With such a new offensive line in Pittsburgh featuring two rookies, a first-year starter, one long-time starter making a position change, and one new, veteran face coming in off the street in the summer, the key for the Steelers’ new group was experience working together and gelling as the season progressed.
Entering Week 9 against the Chicago Bears on Monday Night Football, the group is doing just that, gelling at the right time as the Steelers are getting hot as a team, sitting a 4-3, having one three straight as the run game has taken off and the protection in front of veteran quarterback Ben Roethlisberger has improved.
On Friday, during his weekly media session, Steelers’ right guard Trai Turner addressed the group continuing to gel, stating that the improvements come down to timing, and that the group as a whole has not played its best game to date.
“It’s just timing. It’s meshing. I mean, we’re still doing that,” Turner said to reporters Friday, according to video via Steelers.com. “I mean, I know you guys know, we’ve had some times when we have some rough days in a week and we’ve got to stay out longer and do a little bit more to correct some things.
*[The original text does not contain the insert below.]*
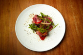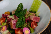 Sałatka z truskawek, szynka, zioła, twaróg i blackberry ocet balsamiczny.

Something that I didn’t understand when I first got in the league that older coaches I had talks with about was the timing, how we didn’t have as much timing, and I never understood that.
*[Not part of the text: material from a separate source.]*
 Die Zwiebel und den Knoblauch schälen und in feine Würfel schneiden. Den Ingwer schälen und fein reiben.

“I was like, ‘man, we have a lot of time, we’re doing a lot of work,’ but the older you get, you understand to be so detailed, and to have everybody on page five different guys thinking one thing at all times, whether it be 55, 60, 70, 75 plays, it’s not something that’s easy and it’s something that does take time,” Turner added. “It is something that takes gelling and continuity. And we are still in that process with the perfect game still out there. We still haven’t played the perfect game. So we’re still searching for the perfect game and a long as we’re searching for through those perfect games through…December, January, and February, I think we’ll be good to go.”
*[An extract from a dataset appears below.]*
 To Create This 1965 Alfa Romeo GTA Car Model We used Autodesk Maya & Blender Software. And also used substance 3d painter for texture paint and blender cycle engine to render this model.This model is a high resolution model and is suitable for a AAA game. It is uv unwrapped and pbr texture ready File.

Turner is spot on that it takes time for a unit to come together the way the Steelers’ offensive line has. The old saying “Rome wasn’t built in a day” applies to the construction of an offensive line in the NFL. It takes time, patience and overall reps to get to where the group as a whole wants to be.
It took time for the Steelers’ offensive line of the mid-2010s to reach an elite level that it stayed after for years; that didn’t happen overnight.
While I don’t think the group as currently constructed can get to that level that the Steelers’ offensive line once was, I do think the right talent is in place to be a serviceable line, one that can help the Steelers compete in the coming years around a power rushing attack.
The more reps and time spent together, the better the product on the field.